##### Provided data

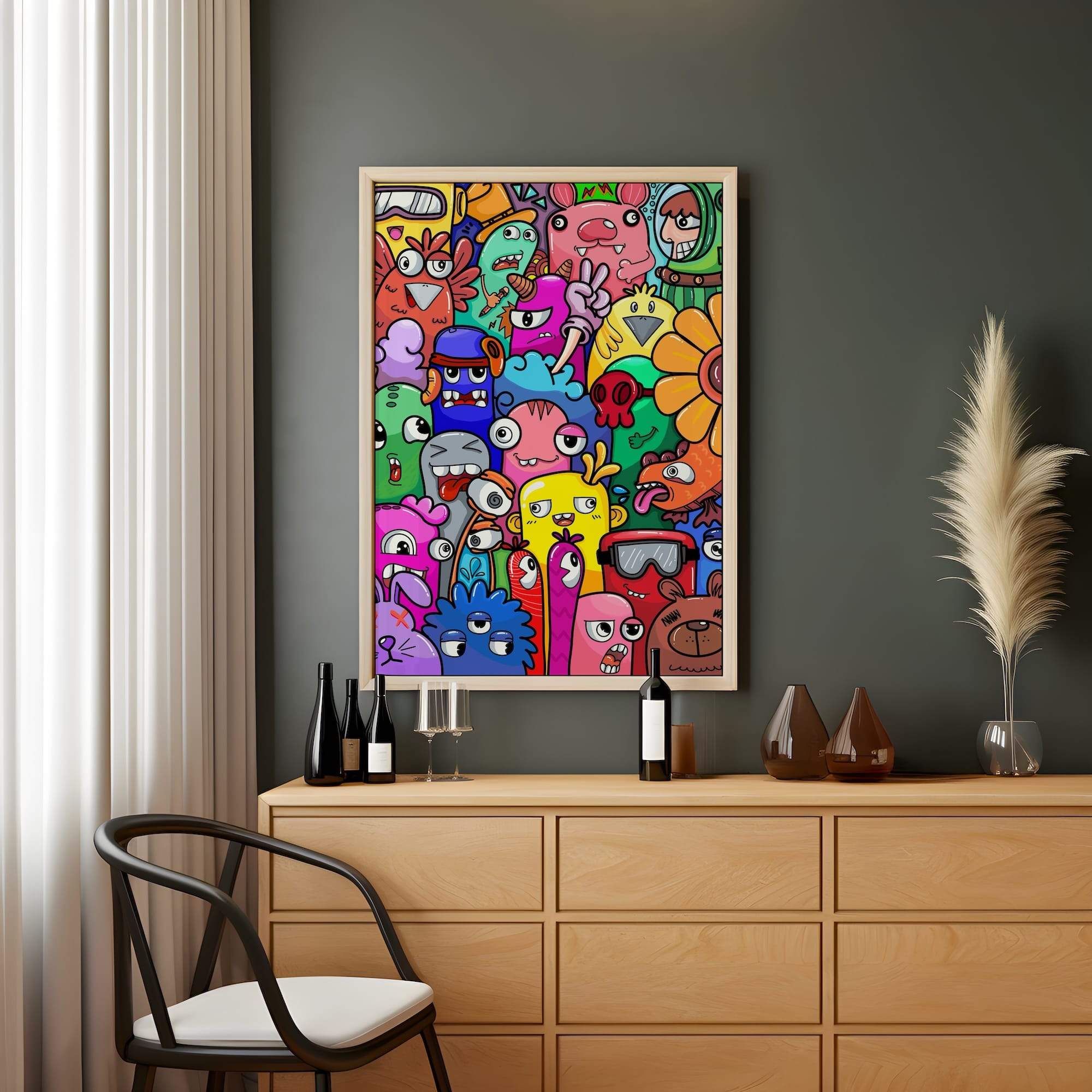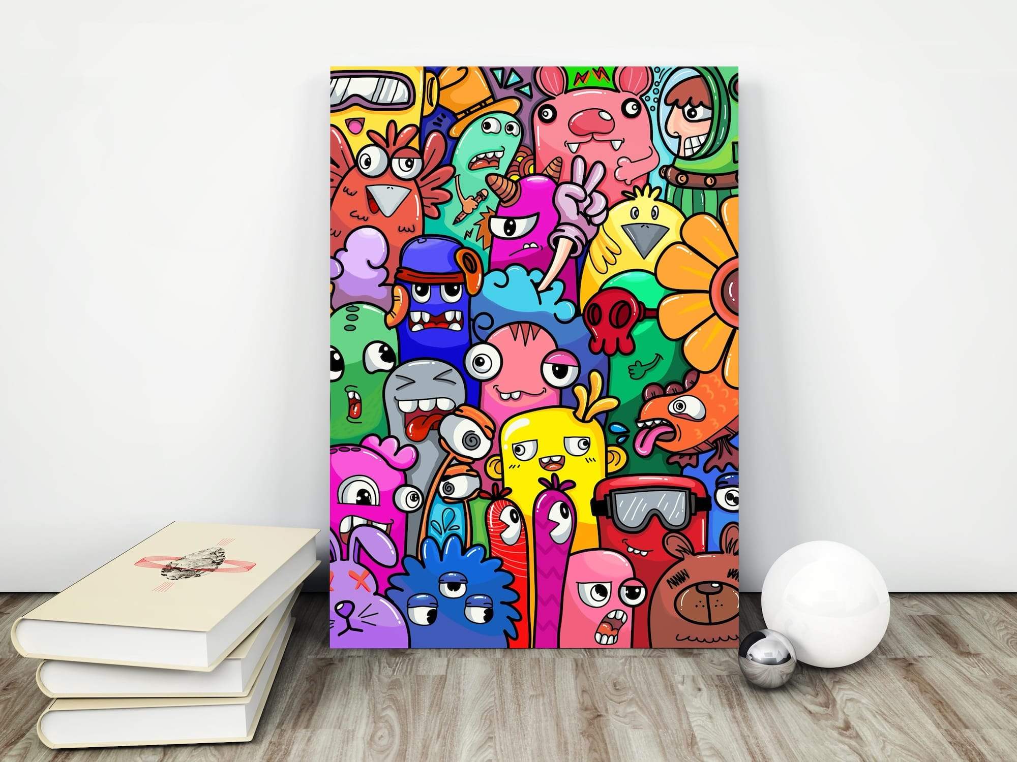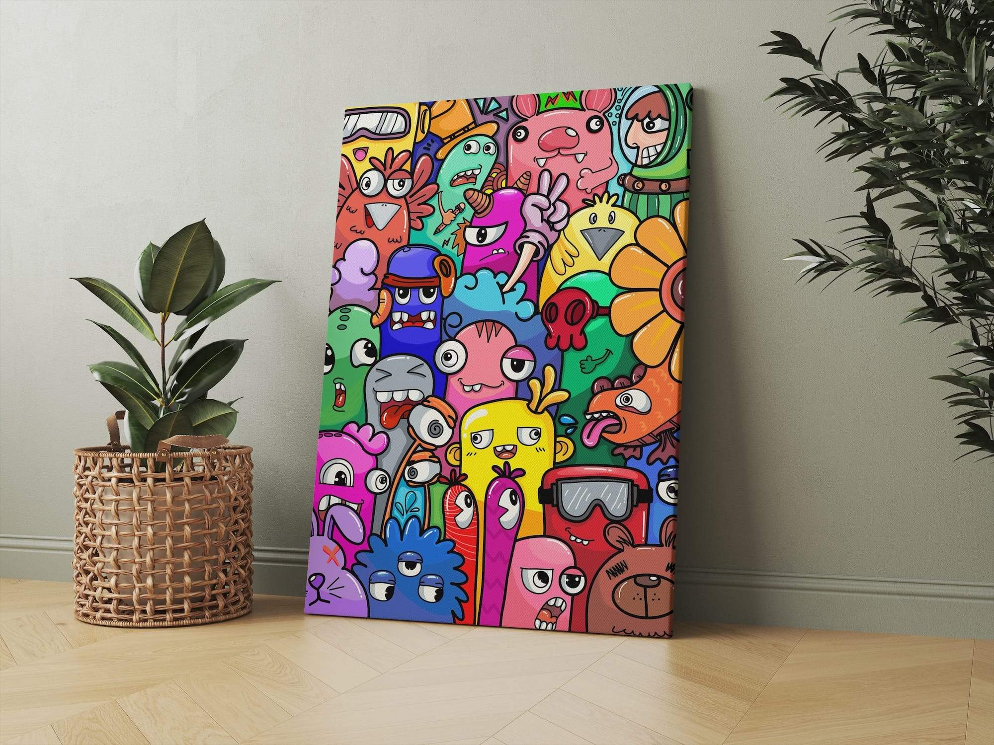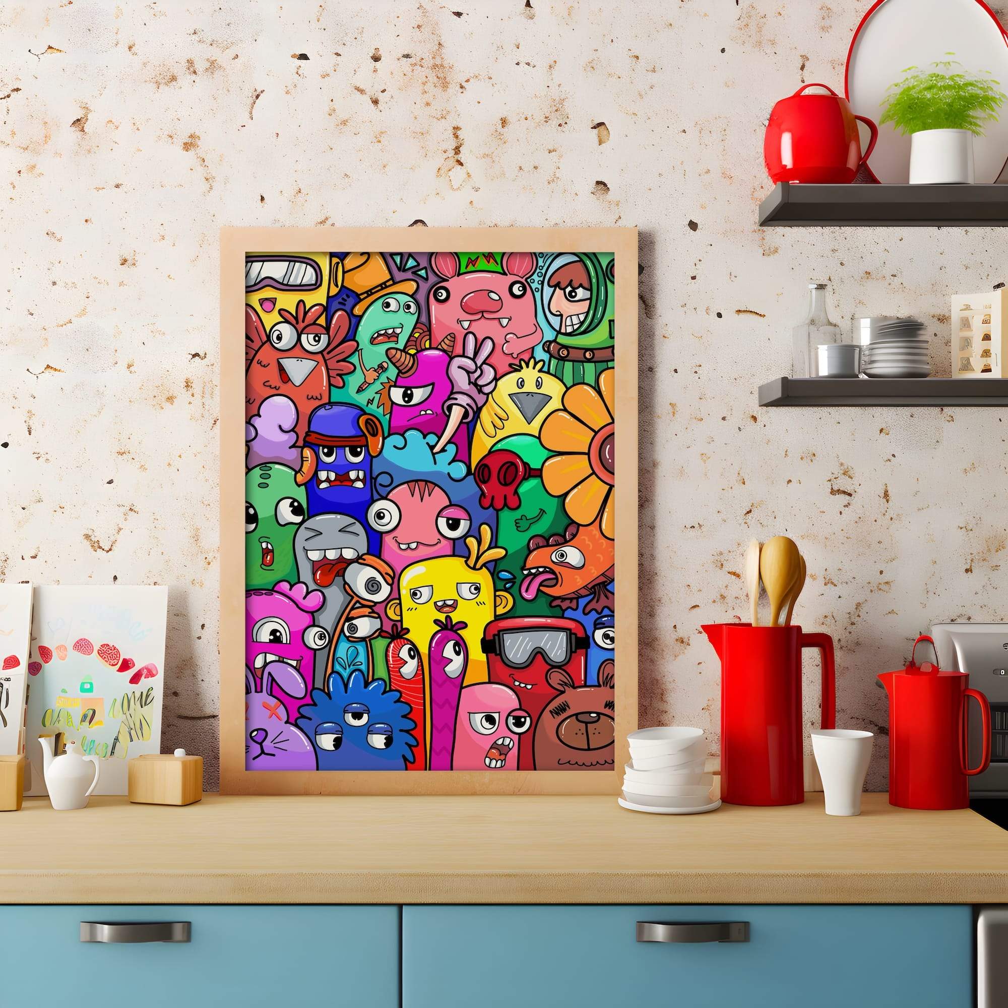 A whimsical garden party comes alive where cartoon flowers mingle with funky bunnies in delightful social chaos. This bold doodle crowd creates a visual celebration that captures the essence of springtime joy and childlike wonder. The matte finish gives these playful characters a sophisticated presence while maintaining their charming, hand-drawn appeal that makes viewers smile instinctively. Perfect for brightening a kitchen or adding character to a family room, this piece transforms ordinary walls into galleries of happiness. The funny animals and blooming flowers seem to engage in endless conversation, creating a living artwork that brings warmth and personality to any space it inhabits.
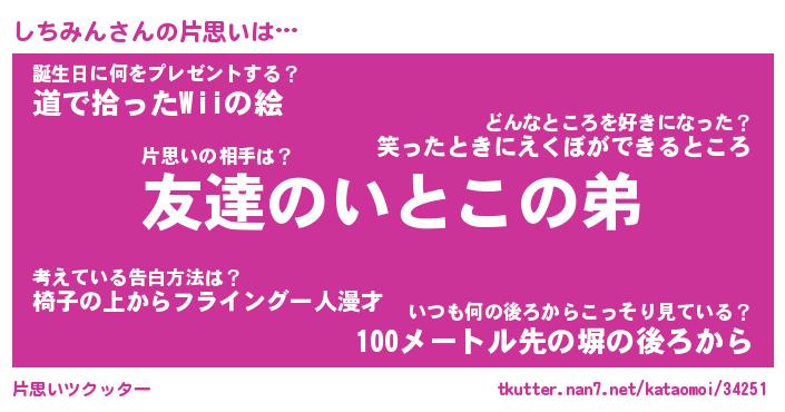 | 意味不明あだ名 | 『ペロリンしちみん』『永久保存しちみん』 |
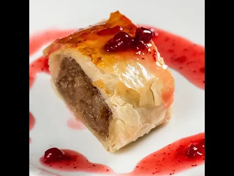 - Coat 1 phyllo sheet with vegetable oil using a brush, then add 2 more on top of it and do the same. Add about 1/2 of the pear mixture on the lower part of the phyllo pastry stack and wrap. Do the same with the other 3 phyllo sheets and the remaining pear mixture.

##########

_Exercise aim_
Restate the material above word for word, dropping the pictures.

_Output of the task_
 A whimsical garden party comes alive where cartoon flowers mingle with funky bunnies in delightful social chaos. This bold doodle crowd creates a visual celebration that captures the essence of springtime joy and childlike wonder. The matte finish gives these playful characters a sophisticated presence while maintaining their charming, hand-drawn appeal that makes viewers smile instinctively. Perfect for brightening a kitchen or adding character to a family room, this piece transforms ordinary walls into galleries of happiness. The funny animals and blooming flowers seem to engage in endless conversation, creating a living artwork that brings warmth and personality to any space it inhabits.
 | 意味不明あだ名 | 『ペロリンしちみん』『永久保存しちみん』 |
 - Coat 1 phyllo sheet with vegetable oil using a brush, then add 2 more on top of it and do the same. Add about 1/2 of the pear mixture on the lower part of the phyllo pastry stack and wrap. Do the same with the other 3 phyllo sheets and the remaining pear mixture.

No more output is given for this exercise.